Open Faced Crispy Eggplant Sandwich


I love eggplant parm, but just like any other foodies, I find it to be a bit boring. My mom makes these delicious thin and crispy eggplant cutlets once in a while, which remind me of eggplant parm. So I decided to use those and whip up something that was similar to an eggplant parm, but just jazzed up. I think this recipe is great for a weekend brunch!


Open Faced Crispy Eggplant Sandwich:

  • 1 large Italian eggplant – thinly sliced (1/8 of an inch thick)
  • couple tbsp course salt
  • 1 cup Italian style breadcrumbs
  • 1 cup lowfat buttermilk
  • 1 tsp chili powder
  • olive oil
  • 2 ciabatta rolls – each roll should be sliced in 4 thin slices
  • 1/4 cup lowfat mayo
  • 3-4 tbsp pesto
  • 1 bell pepper – thinly sliced
  • 1 large red onion – thinly sliced
  • 1 jalapeño – thinly sliced
  • 1 clove garlic – thinly sliced
  • 2 tsp dried oregano
  • 1/4 cup reduced fat shredded mozzarella
  • 1 beefsteak tomato – finely chopped
  • salt
  • black pepper


1. First lay the eggplant slices in a colander (or baking sheet with holes) sprinkle generously with the course salt and let sit until all the moisture seeps out. About 30 minutes.

2. Set up an assembly line with the buttermilk in a shallow dish and the breadcrumbs in a shallow dish. Take the salted eggplant slices and first dip in buttermilk on both sides and then coat with the breadcrumbs on both sides, making sure to pat in the breadcrumbs until they adhere. While you’re preparing the slices, heat a large non-stick skillet over medium flame spray with PAM and pour in olive oil to coat the pan. Place the slices into the pan and pan sear on both sides until the breadcrumbs are dark brown and the eggplant is cooked through. Set aside.

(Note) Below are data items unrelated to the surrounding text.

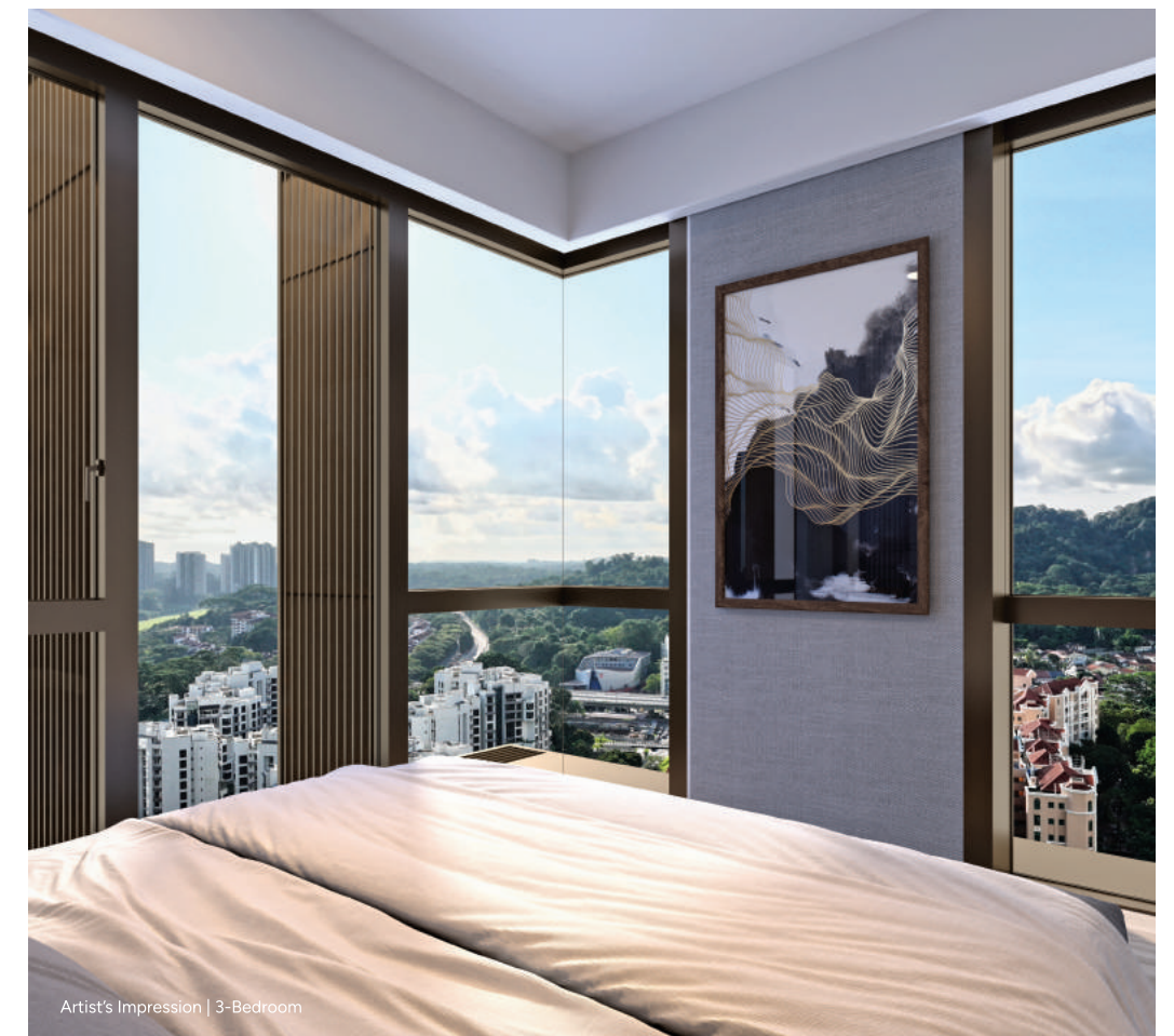
Artist's Impression | 3-Bedroom

Picture waking up to the soft hues of sunrise from your master bedroom through captivating L-shaped windows, or unwinding in the evening with views of breathtaking sunsets right from your balcony.
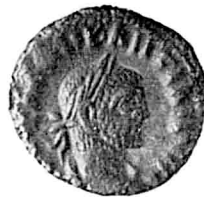
125 A, B. Maximianus
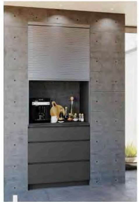
With smaller spaces in the work environment and sleeker, more practical design trends in retail and commercial spaces, REHAU tambour door systems offer a streamlined look combined with functionality and additional storage.

3. In a small bowl, mix together the mayo and 2 tbsp pesto. Set aside.

4. In the same skillet that you cooked the eggplant in, remove an access/burnt crumbs and set over medium flame. Spray with PAM and add in the bell peppers, onions, jalapenos, and garlic. Saute for about 2 minutes. Add in the oregano, and a sprinkle of salt and pepper. Continue to saute over medium-low flame until vegetable begin to soften and caramelize. While that’s cookies, mix together remaining 2 tbsp of pesto and chopped tomatoes in a small bowl. Set aside. Once veggies have cooked and become soft, remove from the pan.

5. Spray both sides of each of the slices of ciabatta. Place on the same pan to toast until golden brown. While the slices are still sitting in the pan (I just did 2 at a time), spread with about 1 tbsp of pesto mayo, place 2 slices of crispy eggplant, top with a generous amount of sauteed veggies, top with shredded cheese and heat over low flame. I place a steel bowl over it so the cheese melts. Remove from the pan and place on a serving dish. Top with pesto tomatoes and a smear of pesto-mayo on the side. Delish!